I really hoped for the former over the latter. I wanted my press photographer to be a gregarious, world traveler who regaled the fortunate ones that he would choose with his tales of adventures with famous people in exotic locations. I imagined Hanst sitting in his living room, surrounded by his kids and grand kids, enjoying the warm glögg and family Julbord. I watched in my mind’s eye as he leafed through photos taken of events he had witnessed and documented with his camera’s eye, remembering the stories behind the events he had photographed.
I don’t want to give the impression that I am telling this story as a life lesson. I don’t expect you to now get some insight into life, and begin to seek out lonely people to
strike up conversations on city streets. I rarely do this myself. Herman Hesse has said, “One never reaches home, but wherever friendly paths intersect the whole world looks like home for a time.” There was something that made that man’s path cross mine on that December afternoon. I should do that sort of interaction more in my life. Because, as rare as I have those spontaneous conversations, more rarely do I ever regret them.
Thursday, October 26, 2006
Speed Bumps in the Highways of Life

There are words that a man hears that lets him know he has reached another stage in his life. They divide a man’s life as surely as a ruler is divided into equal parts. Though childhood is a part of anyone’s life, it is not really begun by a statement from someone. It’s reinforced, though, by people saying things like, “Hey, kid, Come over here!” or the one that starts, “When you grow up…” You can insert your own finish to that phrase. Childhood will be an indefinite time in one’s life, as each individual will define their own status as a child. “You’re acting like a child” and “That was a juvenile thing to do” may occur at any time in your life. And men, to many women in your life, you will always suffer from some form of Peter Pan-ism, whether it’s that red sports car or spending Sunday with your pals watching football instead of antiquing in the country.
But you can pretty much define that you have reached adulthood when a member of the club you thought you were still a member of says, “Thanks, Mister” or you are introduced to someone younger than you as “Mr. Smith” or whatever your last name is. My thought is that you should now consider yourself an adult and will be looked upon strangely when you try to get in to the under-21 club.
The second road sign in life’s relentless journey is when you’re at some trendy nightspot enjoying the evening. Just doing the things you might have been doing for the last couple of decades, like having a drink, enjoying the music and the electricity that only a really good crowd can generate. As your eyes wander the room, watching the social world interact in front of you, your eyes land on a particularly beguiling segment of that observed society. As you are admiring the view, your eyes meet and she gives a shy smile and excuses herself from her group and begins to head in your direction. Your reaction mechanism goes into operation. You smooth your hair (or think you do), suck in that gut a little (I’ve got to start going to the gym, again) and smile that capped smile of yours. “Excuse me”, she starts, “but can you tell me what time it is (ready?), SIR ?"

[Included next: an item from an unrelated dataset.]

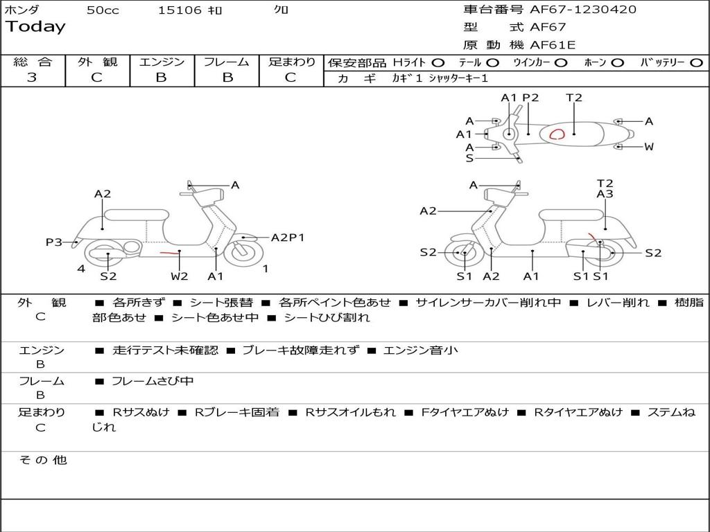 | Номер рамы / VIN | AF67-1230420 |

The dreaded word has been spoken to you. There goes the pretense of your present. Forget about the gym, she just called you a word you used to only utter to your elders. As they say, one door opens; another one closes. In your case my friend, hello middle age goodbye young adult hood. You know you’re cooked. Young women no longer consider you a mating possibility, unless you have starred in a few motion pictures or can pay the stars of motion pictures. But in that case, you are not the attraction of who you are as what you can do. Nah, the only thing you have to look forward to is the kid with acne who after asking you what show you want to see, gives you the “over 50” discount on your tickets.
Why I write these signposts for you, dear reader is because I just received the next to last jolt in the road of life. Over the weekend, I took one of those little steps for a man that lead to big time aches. I stepped in a small indentation in the road, my knee buckled and two days later it had swollen up like a grapefruit had been stuffed down my leg to the knee joint. Usually in these cases (it’s happened before) I use the “Twin I” cure, ice and ibuprofen. After a couple days of a walk that could make the “Minister of Silly Walks” bit in a Python skit, some moans and groans and some awkward positions in the bathroom, things get back to normal. I will admit here that the recovery periods have been slowly been getting longer and longer. In this case, the normal cure wasn’t working and, indeed, was getting worse. Much to the relief of the Viking Princess, I finally relented and entered the Swedish Socialized Medical Treatment again.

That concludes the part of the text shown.